In December Earl Spencer and Thompson recaptured two brigs: Mary Ann and Hardwick. Mary Ann, Bexfield, master, came into Dover. Hardwick, Nobs, master, came into Ramsgate. Both had been sailing from Yarmouth to Liverpool when they were captured.

==Earl Spencer (3)==
Earl Spencer, of 14130/94 tons (bm) served under contract between 27 July 1803 and 9 June 1814. She carried twelve 12-pounder carronades. She had an uneventful war. There are numerous mentions in the press of her escorting convoys. In May 1805 Lieutenant William Bothwell is reported to be her commander. His name appears again in 1808, and 1811. His is the only name linked to her.

On 26 February 1805 Lloyd's List reported that Ann, Heineman, master, arrived at Cork.
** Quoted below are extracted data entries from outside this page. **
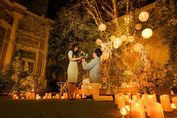 2021年7月1日(木)からは、お好みに合わせて荘厳なステンドグラスのチャペル、もしくはキャンドルが煌めくプライベートガーデンから大切なプロポーズのロケーションをお選びいただける新プランが登場。普段はなかなかお入りいただくことの少ない憧れのチャペルや都心の喧騒を忘れさせてくれるプライベートガーデンをお二人だけで貸し切り、一生の記念に残るロマンチックなプロポーズを叶えていただけます。
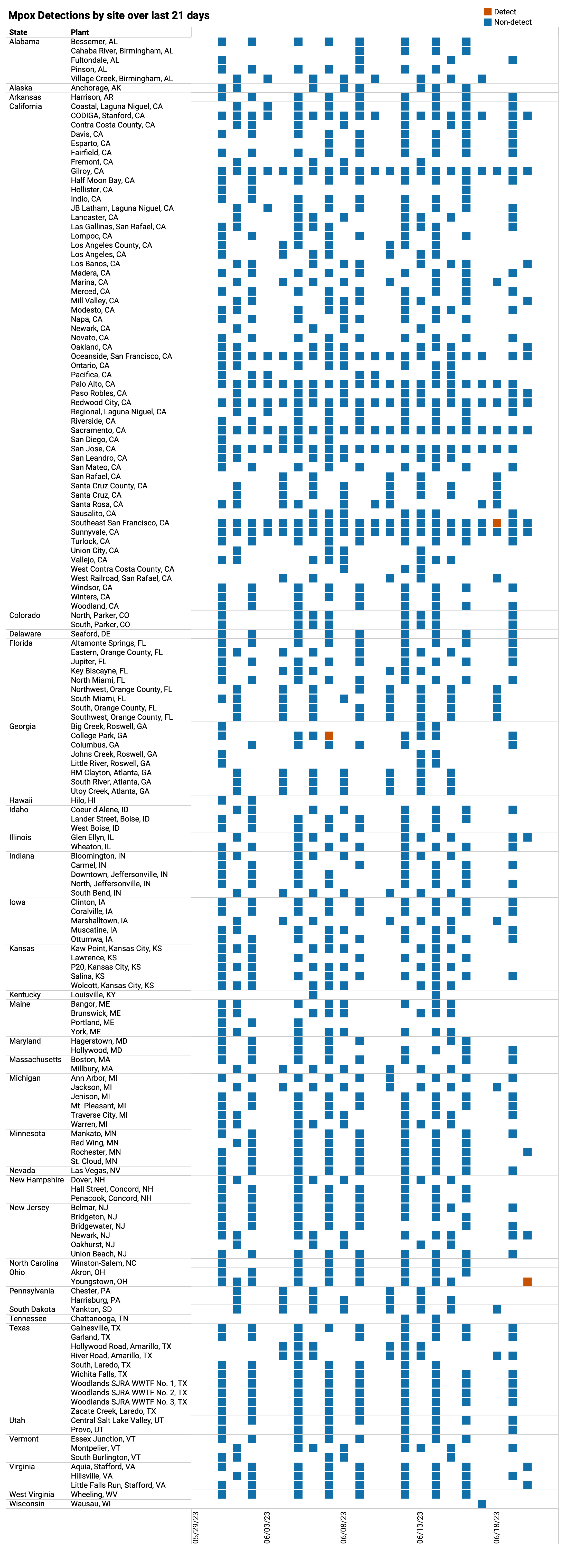 Mpox DNA We rarely detected mpox DNA in samples from any site over the past three-weeks. Below you can see, in red, there have only been 3 positive samples out of 1,316 samples during the past 21 days. Outbreaks seem to be under control, but we will continue to monitor so that public health departments can respond if we see consistent detections and increases in concentrations in any sites. The chart below shows every plant in WWSCAN (approximately 162) as rows, and the last 21 days as columns (labeled at the bottom axis). White indicates no samples, blue is non-detect for mpox DNA and red is detect for mpox DNA. As a reminder, you can access our paper in New England Journal of Medicine about how mpox wastewater monitoring compares to clinical reports of infectious here.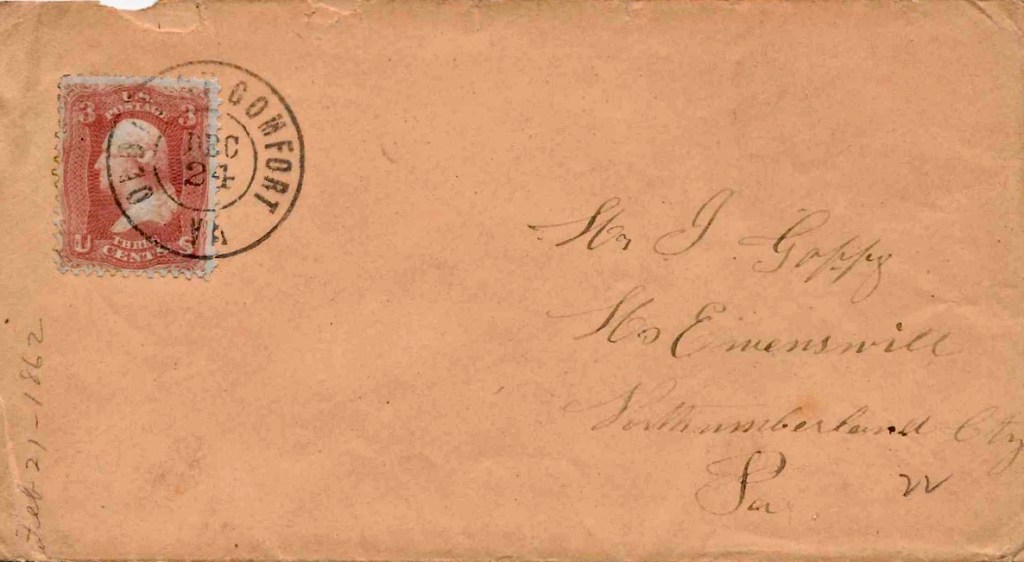 I can’t be certain of the addressee though I’m confident it was mailed to McEwensville, Northumberland county, Pennsylvania.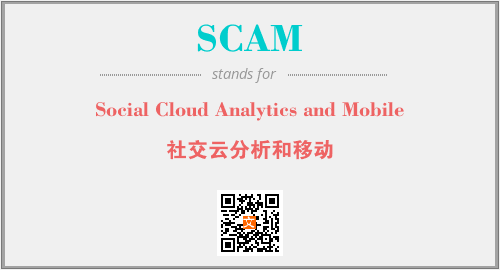 上述内容是“Social Cloud Analytics and Mobile”作为“SCAM”的缩写,解释为“社交云分析和移动”时的信息,以及英文缩略词SCAM所代表的英文单词,其对应的中文拼音、详细解释以及在英文中的流行度和相关分类、应用领域及应用示例等。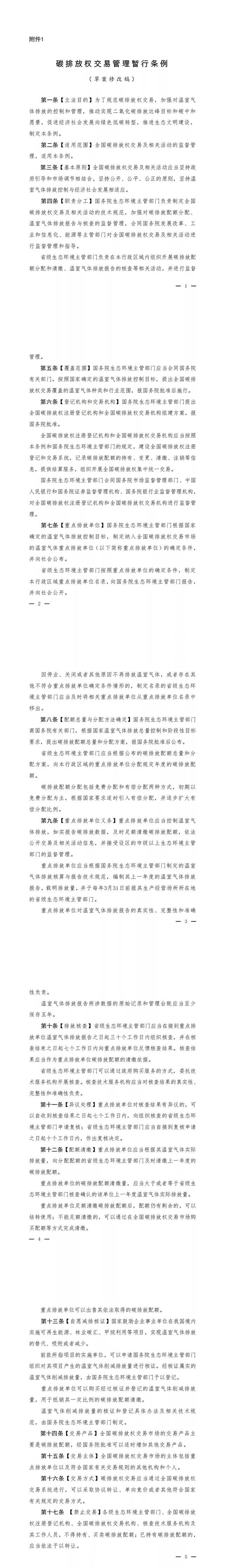 3月30日,生態環境部發布關于公開征求《碳排放權交易管理暫行條例(修改意見稿)》(以下簡稱“《修改意見稿》”)的通知,提出建設全國碳排放權注冊登記和交易系統,記錄碳排放配額的持有、變更、清繳、注銷等信息,提供結算服務,組織開展全國碳排放權集中統一交易。被納入全國碳排放權交易市場的重點排放單位,不再參與地方碳排放權交易試點市場。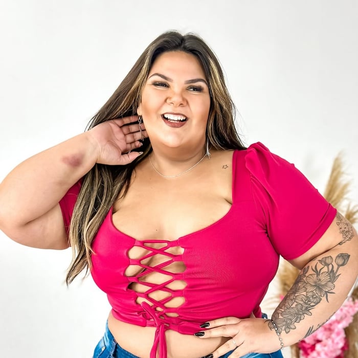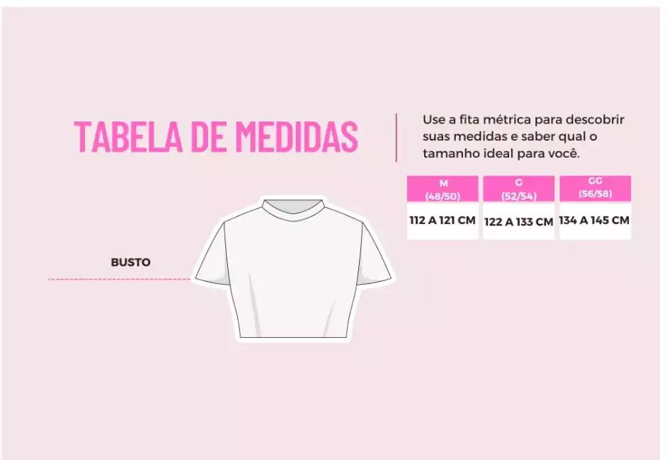 TECIDO EM SUPLEX COM BASTANTE ELASTICIDADE!MODELO SEM BOJOTAMANHOS :48 AO 58M - 48/50 / BUSTO - 112 A 121 CMG - 52/54 / BUSTO - 122 A 133 CMGG - 56/58 / BUSTO - 134 A 145 CMA MODELO VESTE O TAMANHO G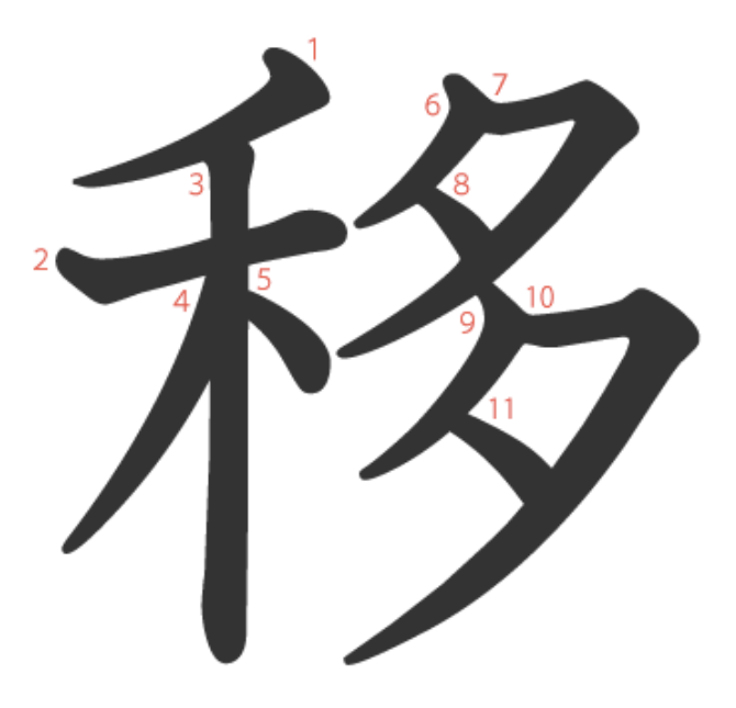 移는 "곡식(禾)이 너무 많아서(多) 다른 곳으로 옮기다" -> "옮기다"라는 뜻의 글자입니다.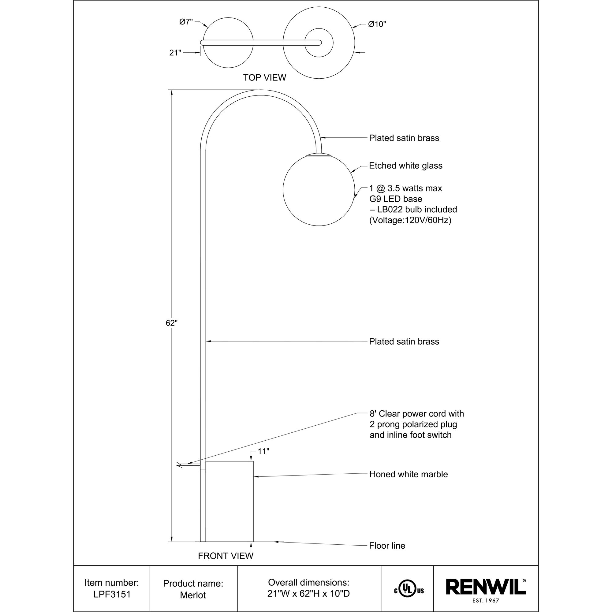 Enhance your home’s aesthetic appeal with the Merlot 62″ Tall Satin Brass Floor Lamp. Its sleek and elegant design, coupled with the stunning white globe glass shade, ensures an alluring visual impact that adds style and class to your space. This lamp connects seamlessly with standard E26 sockets, allowing you to easily replace bulbs with a maximum wattage of 60W, offering endless lighting possibilities. Control the light effortlessly with the foot switch, providing unparalleled convenience and unparalleled ease of use. With this lamp, you’ll enjoy a harmonious blend of sophistication, quality construction, and functionality.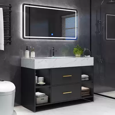 Marble floor-to-ceiling bathroom cabinet combination set intelligent rock board wash hand wash basin mirror cabinet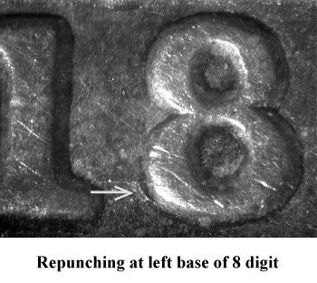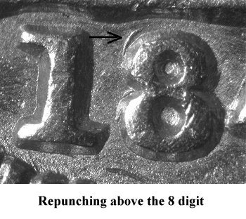 On well struck examples, faint repunching can be seen at the lower left base of the 8 digit. | ||||

Earl Spencer had recaptured her after she had been captured while sailing from Dublin to London.

On 27 October 1806 Earl Spencer returned to Belfast. She had been convoying the linen ships from Belfast when she encountered heavy seas near the Isle of Man. She had had to throw her guns overboard to ride out the waves.

On 7 August 1812 Wasp, of Fairhaven, in America, arrived at Cork. Earl Spencer had detained Wasp as she was sailing from Cadiz to Belfast. Wasp, of seven men and 163 tons (bm), had been sailing in ballast when Earl Spencer had captured her on 4 August. (Note: A second-class share of the prize money was worth £63 11d; a sixth-class share, that of an ordinary seaman, was worth £4 5d.)

Because Earl Spencer was based at Cork, and perhaps was even in the harbour on 19 November 1813, she shared with , , and in a grant of £5,000 for the detention there on that day of the Russian vessel Charlotte. (Note: A first-class share of the prize money was worth £227 19s 3¼d; a sixth-class share was worth £4 11s.)